◆ PROBLEM: Repeat exactly the stretch of lines that starts with the one containing "姚静教授:这种情况下,我首先" and ends with the last line of the material. Leave out pictures.

◆ GIVEN DATA:
···

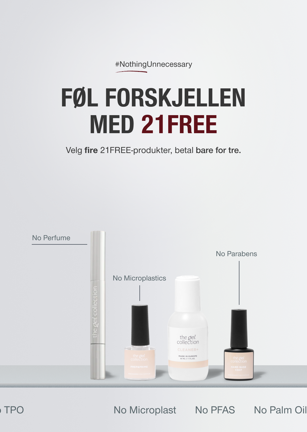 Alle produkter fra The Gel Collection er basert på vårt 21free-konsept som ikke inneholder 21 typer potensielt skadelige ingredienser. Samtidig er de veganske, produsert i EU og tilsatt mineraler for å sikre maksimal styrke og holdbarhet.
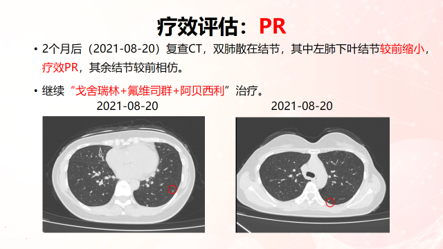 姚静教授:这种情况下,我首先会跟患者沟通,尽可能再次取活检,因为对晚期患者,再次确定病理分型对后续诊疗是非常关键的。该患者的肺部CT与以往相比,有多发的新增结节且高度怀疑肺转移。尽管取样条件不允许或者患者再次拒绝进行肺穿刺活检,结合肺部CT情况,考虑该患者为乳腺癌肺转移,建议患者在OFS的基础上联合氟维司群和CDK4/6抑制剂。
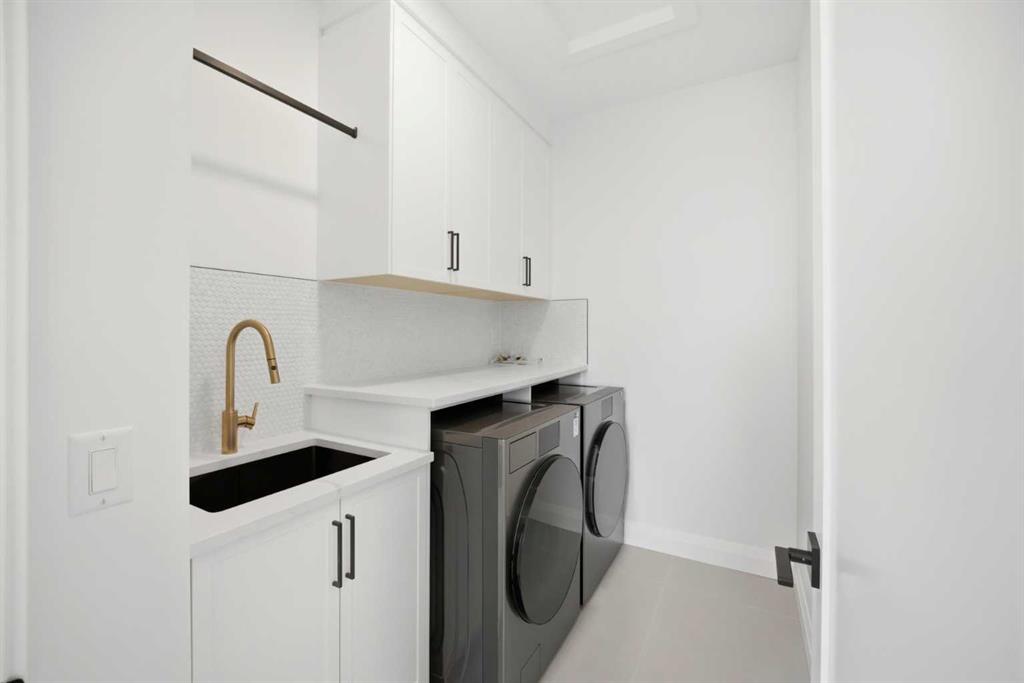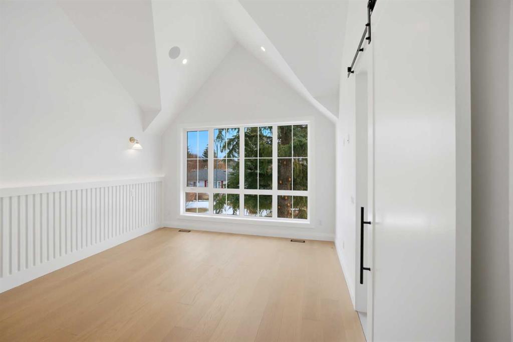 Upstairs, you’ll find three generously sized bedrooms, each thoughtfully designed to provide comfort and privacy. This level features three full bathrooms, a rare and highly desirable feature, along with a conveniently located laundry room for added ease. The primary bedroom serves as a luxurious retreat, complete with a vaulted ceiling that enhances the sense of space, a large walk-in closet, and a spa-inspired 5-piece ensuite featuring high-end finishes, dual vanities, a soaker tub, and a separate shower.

···

◆ ANSWER BOX:
 姚静教授:这种情况下,我首先会跟患者沟通,尽可能再次取活检,因为对晚期患者,再次确定病理分型对后续诊疗是非常关键的。该患者的肺部CT与以往相比,有多发的新增结节且高度怀疑肺转移。尽管取样条件不允许或者患者再次拒绝进行肺穿刺活检,结合肺部CT情况,考虑该患者为乳腺癌肺转移,建议患者在OFS的基础上联合氟维司群和CDK4/6抑制剂。
 Upstairs, you’ll find three generously sized bedrooms, each thoughtfully designed to provide comfort and privacy. This level features three full bathrooms, a rare and highly desirable feature, along with a conveniently located laundry room for added ease. The primary bedroom serves as a luxurious retreat, complete with a vaulted ceiling that enhances the sense of space, a large walk-in closet, and a spa-inspired 5-piece ensuite featuring high-end finishes, dual vanities, a soaker tub, and a separate shower.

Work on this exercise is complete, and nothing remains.